Mike's hands tightened on the wheel as he turned a corner and saw his way blocked by a road construction crew. He turned abruptly, thankful for the Ferrari's low ground profile and wide wheel base. He'd have spun out in anything else.

Ahead of him, a parked semi blocked the alley, and Mike braked to a halt. He threw the Ferrari into reverse, but before he could move, the BMW pulled in behind, cutting off that avenue of escape.

"Here we go."

The blonde woman who'd been driving the Beemer got out of her car, a gun held steadily in her hands. Mike glanced from her to the man who trotted down the ramp from the trailer in front of him. The man was armed as well, and his voice was hard as he ordered Mike out of the car

Trying to look suitably intimidated, Mike raised his hands. "Take it easy," he admonished, letting a slight quaver touch his voice. "Take it easy."

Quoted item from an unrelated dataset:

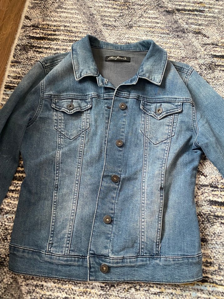 Mavi denim kumaştan düğmeli, uzun kollu ve kesik yakalı kadın ceketi. Rahat kesimi ve normal boyuyla günlük sokak stiline uygundur.

The dark-haired man who'd been waiting in the semi raised his gun as he yanked open the Ferrari's door. "Get out of the car!" he yelled again. "What are you, stupid?" With his free hand, he reached in and grabbed Mike by the front of his jacket and hauled him out of the seat. "C'mon, man, let's move! Move!"

Mike stumbled a little as the car thief shoved him back against the side of the car. "Okay," he said, the unsteadiness in his voice genuine this time. The glitter in the thief's eyes said this guy wouldn't think twice about shooting him just for the hell of it. Three people had already been injured in the course of having their expensive imported cars stolen by this same gang. Mike didn't plan to be Number Four. He wondered what was taking Ellison and the rest of his backup so long to make their appearance. "Take it easy," he said again, doing nothing to further incite the agitated carjacker.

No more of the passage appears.